The thing that probably bothers me most about “consumer protection” in the financial area is the obsession with banning products, or characteristics, that sound bad, but that are actually beneficial to consumers.  An example of such is the prepayment penalty.

Basically a prepayment penalty is a fee the borrower pays if they pay off their mortgage early.  The usual reaction from “consumer advocates” is “that’s horrible” – why should someone have to pay in order to re-finance or get out of their mortgage.  Or that the prepayment penalty would make it difficult for the borrower to take advantage of lower rates or an improvement in their credit. 

A new NBER working paper lays out the case of why prepayment penalties are actually good for the riskiest (worse credit) borrowers.  The paper also explains why we are more likely to see prepayment penalties in the subprime market than in the prime.  The logic of the paper is that prepayment penalties help to ensure that  “pools of mortgages do not become disproportionately composed only with the riskiest borrowers over time.”

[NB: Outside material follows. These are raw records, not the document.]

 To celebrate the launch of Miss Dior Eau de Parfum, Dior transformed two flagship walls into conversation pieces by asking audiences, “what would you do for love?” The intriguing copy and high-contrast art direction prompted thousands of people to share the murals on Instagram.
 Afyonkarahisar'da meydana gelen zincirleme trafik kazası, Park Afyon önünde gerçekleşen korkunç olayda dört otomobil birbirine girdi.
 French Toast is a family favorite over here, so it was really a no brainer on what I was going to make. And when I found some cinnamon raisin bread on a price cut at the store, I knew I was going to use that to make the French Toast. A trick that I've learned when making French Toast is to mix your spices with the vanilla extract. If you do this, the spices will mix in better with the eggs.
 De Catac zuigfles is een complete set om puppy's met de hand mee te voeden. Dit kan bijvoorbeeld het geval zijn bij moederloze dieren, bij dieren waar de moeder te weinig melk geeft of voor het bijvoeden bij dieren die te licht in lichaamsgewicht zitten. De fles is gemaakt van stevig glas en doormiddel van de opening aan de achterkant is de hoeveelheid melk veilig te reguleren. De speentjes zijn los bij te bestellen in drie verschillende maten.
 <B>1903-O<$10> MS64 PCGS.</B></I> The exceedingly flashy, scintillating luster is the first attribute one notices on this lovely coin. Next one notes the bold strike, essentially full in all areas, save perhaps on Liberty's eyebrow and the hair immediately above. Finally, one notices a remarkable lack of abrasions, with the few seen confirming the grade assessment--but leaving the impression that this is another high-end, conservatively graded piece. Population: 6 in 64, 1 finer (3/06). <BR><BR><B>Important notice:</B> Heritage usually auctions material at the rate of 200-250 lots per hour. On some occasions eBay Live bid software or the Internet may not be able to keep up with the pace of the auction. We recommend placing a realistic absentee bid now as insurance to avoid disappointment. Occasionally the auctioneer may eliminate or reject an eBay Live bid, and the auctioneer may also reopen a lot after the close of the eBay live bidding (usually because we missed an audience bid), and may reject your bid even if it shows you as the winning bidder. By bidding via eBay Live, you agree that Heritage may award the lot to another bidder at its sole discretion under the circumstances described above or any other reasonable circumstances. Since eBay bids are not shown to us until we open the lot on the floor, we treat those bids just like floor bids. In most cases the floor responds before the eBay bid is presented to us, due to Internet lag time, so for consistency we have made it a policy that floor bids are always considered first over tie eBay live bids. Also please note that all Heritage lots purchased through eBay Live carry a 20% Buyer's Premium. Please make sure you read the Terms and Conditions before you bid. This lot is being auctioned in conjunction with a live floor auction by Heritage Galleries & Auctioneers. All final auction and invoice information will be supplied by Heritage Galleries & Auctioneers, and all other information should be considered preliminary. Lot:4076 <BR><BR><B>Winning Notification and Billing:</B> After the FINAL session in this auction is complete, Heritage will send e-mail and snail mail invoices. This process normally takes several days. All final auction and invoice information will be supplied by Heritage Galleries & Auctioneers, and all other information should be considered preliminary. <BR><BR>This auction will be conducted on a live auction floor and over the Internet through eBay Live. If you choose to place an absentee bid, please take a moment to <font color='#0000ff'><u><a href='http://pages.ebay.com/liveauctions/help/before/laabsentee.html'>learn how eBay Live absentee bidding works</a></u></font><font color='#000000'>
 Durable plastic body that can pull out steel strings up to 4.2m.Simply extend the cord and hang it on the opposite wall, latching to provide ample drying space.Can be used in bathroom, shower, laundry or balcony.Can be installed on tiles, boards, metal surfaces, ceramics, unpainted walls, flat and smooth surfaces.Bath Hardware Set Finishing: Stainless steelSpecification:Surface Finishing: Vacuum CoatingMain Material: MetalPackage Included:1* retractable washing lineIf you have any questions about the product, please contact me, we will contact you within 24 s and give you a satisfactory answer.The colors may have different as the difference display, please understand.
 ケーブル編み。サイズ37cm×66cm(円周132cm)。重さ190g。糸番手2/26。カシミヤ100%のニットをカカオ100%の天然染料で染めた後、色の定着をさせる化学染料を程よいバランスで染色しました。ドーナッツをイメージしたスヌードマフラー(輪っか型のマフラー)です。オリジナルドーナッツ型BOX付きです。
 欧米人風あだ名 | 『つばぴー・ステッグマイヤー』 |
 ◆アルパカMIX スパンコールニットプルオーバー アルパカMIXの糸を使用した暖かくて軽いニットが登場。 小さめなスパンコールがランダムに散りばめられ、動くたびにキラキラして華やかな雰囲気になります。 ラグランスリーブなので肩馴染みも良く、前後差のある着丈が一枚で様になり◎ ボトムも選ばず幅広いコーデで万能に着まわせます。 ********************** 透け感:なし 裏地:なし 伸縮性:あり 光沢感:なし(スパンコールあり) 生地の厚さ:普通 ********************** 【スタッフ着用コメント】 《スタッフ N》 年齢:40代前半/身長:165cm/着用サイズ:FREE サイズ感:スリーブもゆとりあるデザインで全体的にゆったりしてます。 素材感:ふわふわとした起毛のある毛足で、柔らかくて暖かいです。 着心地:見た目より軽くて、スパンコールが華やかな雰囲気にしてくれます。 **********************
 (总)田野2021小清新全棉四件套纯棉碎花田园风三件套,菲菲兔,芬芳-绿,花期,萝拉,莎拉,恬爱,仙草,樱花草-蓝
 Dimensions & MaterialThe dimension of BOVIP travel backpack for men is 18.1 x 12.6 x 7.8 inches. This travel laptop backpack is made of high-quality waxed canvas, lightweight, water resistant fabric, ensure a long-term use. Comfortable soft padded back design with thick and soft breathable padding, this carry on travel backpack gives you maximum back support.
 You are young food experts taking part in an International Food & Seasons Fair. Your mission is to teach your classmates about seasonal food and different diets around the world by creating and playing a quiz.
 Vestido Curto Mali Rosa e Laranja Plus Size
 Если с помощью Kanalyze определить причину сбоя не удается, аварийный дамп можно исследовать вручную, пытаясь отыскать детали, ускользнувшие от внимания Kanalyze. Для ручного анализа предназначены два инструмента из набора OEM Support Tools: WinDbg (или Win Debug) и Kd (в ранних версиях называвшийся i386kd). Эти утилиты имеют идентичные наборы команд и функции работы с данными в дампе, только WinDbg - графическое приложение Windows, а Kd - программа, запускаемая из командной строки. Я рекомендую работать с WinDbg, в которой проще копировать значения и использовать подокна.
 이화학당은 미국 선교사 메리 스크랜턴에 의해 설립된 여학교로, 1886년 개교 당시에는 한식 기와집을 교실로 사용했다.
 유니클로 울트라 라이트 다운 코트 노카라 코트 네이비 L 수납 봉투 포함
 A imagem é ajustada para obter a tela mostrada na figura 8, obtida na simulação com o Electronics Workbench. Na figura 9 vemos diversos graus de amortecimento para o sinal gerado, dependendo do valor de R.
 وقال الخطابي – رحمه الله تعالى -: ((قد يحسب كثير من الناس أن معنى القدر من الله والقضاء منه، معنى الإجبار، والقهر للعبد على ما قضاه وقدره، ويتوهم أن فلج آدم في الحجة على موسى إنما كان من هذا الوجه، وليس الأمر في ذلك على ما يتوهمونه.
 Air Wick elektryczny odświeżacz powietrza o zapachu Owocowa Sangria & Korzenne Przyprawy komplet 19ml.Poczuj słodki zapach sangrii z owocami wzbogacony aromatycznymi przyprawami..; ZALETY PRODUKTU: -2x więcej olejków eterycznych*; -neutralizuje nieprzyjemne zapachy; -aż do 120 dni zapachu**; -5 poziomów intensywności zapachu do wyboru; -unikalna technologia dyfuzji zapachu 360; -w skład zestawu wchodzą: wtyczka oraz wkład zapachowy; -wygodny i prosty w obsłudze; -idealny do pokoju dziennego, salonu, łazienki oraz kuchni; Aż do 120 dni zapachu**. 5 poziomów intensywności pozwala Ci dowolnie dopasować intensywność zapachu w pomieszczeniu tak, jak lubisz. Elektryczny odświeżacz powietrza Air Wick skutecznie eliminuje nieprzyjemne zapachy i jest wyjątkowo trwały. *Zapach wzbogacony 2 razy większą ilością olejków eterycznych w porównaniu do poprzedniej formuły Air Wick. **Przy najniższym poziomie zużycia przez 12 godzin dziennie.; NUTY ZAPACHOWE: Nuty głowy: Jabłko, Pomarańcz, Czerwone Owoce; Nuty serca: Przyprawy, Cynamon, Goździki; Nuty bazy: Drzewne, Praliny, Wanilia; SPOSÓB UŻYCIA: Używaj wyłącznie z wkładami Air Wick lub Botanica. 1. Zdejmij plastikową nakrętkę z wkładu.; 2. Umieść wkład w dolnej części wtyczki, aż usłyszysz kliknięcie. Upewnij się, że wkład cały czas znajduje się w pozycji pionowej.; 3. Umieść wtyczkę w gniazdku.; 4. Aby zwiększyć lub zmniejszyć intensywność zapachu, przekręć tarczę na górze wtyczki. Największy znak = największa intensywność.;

With any given pool of subprime borrowers, some of those borrowers will see their credit quality improve over time.  Maybe they establish a good payment history.  When the pool is initially priced, which will determine the interest rate charged, that pricing is based upon the average risk of the pool.  If however, borrowers can leave the pool as their credit improves, then the average credit quality of the pool will decline.  Investors know this.  So, in the absence of prepayment penalties, the average interest charged will have to be substantially higher.  Essentially the prepayment penalties results in a cross-subsidy from subprime borrowers whose credit improves to those borrowers whose credit does not improve. 

Recognizing this logic also explains why we don’t often see prepayments in prime mortgages:  prime borrowers are already close to the best credit, so there’s less chance of their credit improving and less room overall for improvement.  Of course, there’s nothing stopping the borrower from waiting for their credit to improve before getting a mortgage.